• [Task requirements]: Repeat the listing that follows exactly. Pictures are not part of the copy.

• [Data provided]:
▼
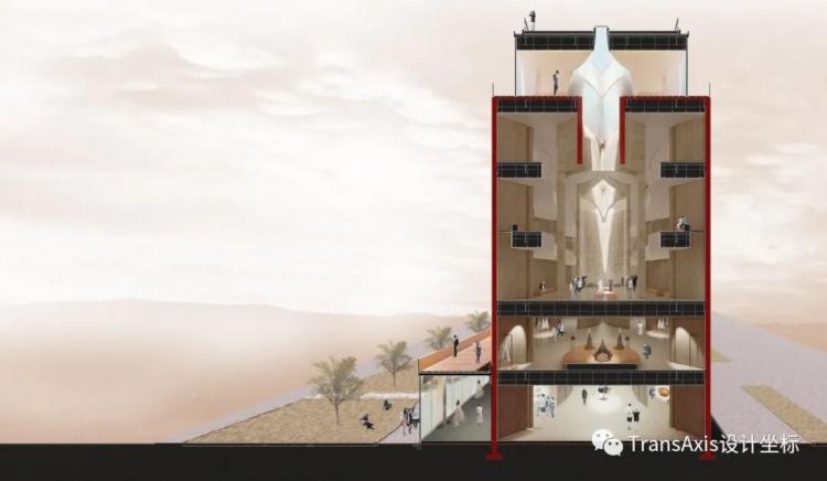 首先是创造视野和景观良好的筒体建筑之间的连接平台,其中部的空间也可以作为酒店大堂和交通空间使用。
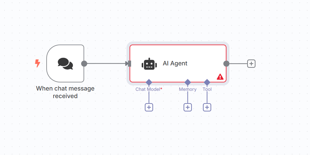 Trong n8n, AI agent được thể hiện dưới dạng một node với một số kết nối mở rộng.
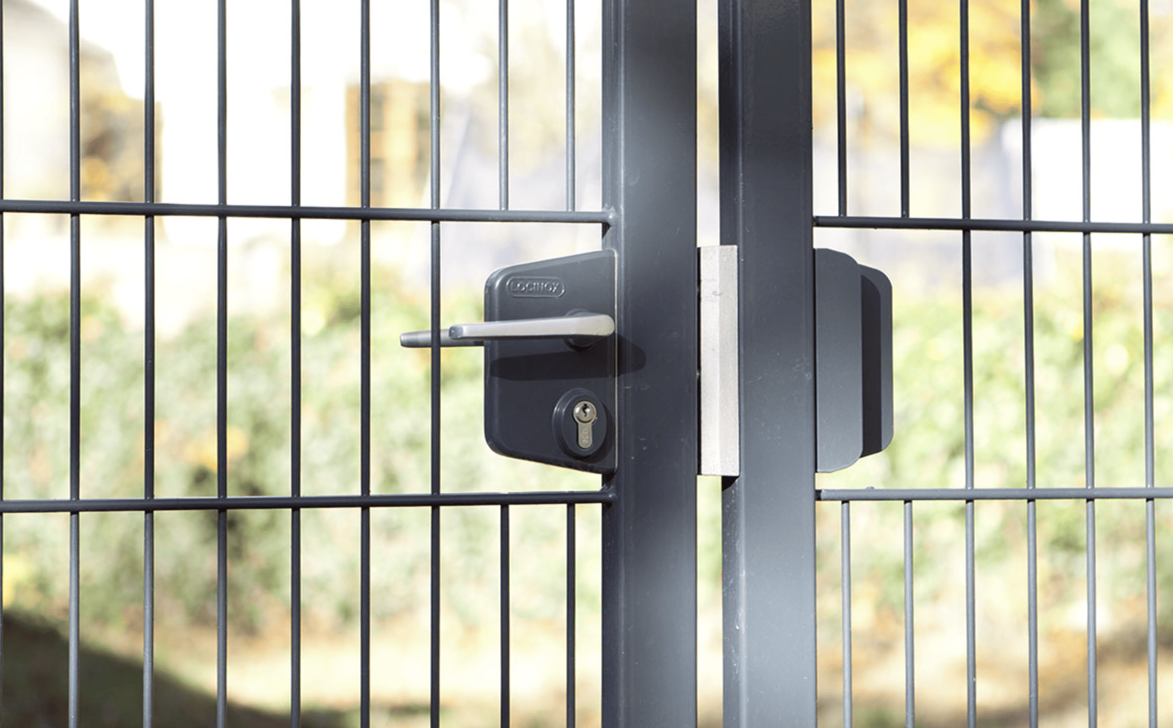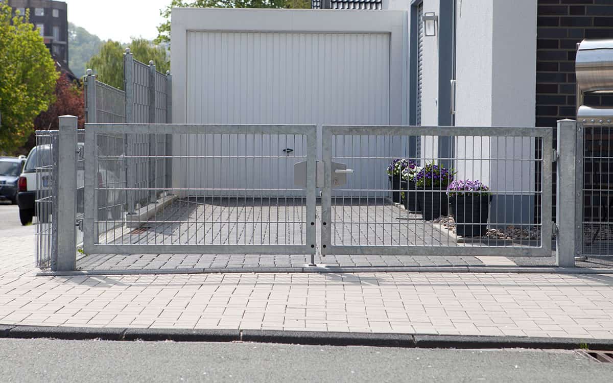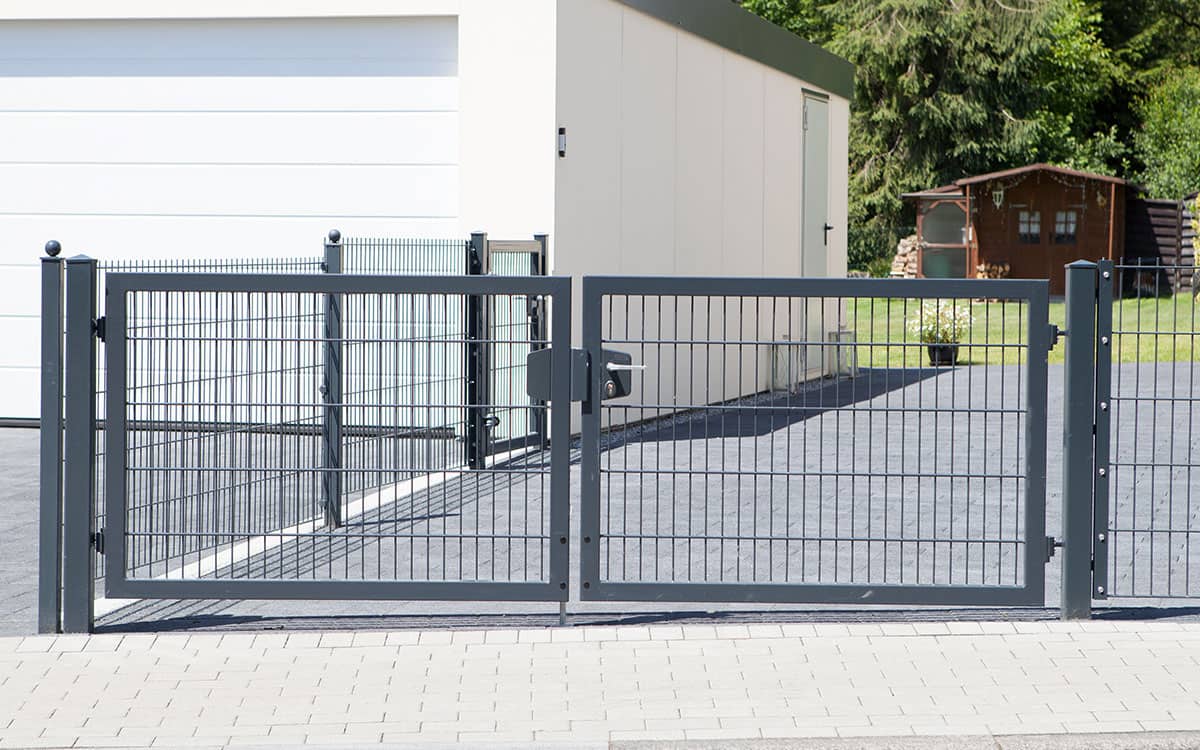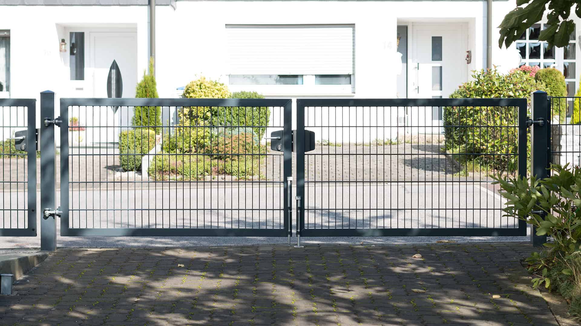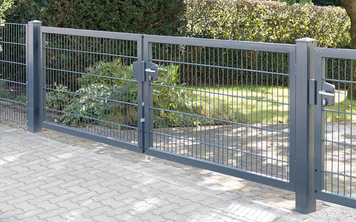 En stor, 6m dobbeltlåge med panelfyld 8mm og en robust Locinox-låsekasse i midten og understøttet af to robuste sidestolper.
▲
• [Exercise solution]:
 首先是创造视野和景观良好的筒体建筑之间的连接平台,其中部的空间也可以作为酒店大堂和交通空间使用。
 Trong n8n, AI agent được thể hiện dưới dạng một node với một số kết nối mở rộng.
 En stor, 6m dobbeltlåge med panelfyld 8mm og en robust Locinox-låsekasse i midten og understøttet af to robuste sidestolper.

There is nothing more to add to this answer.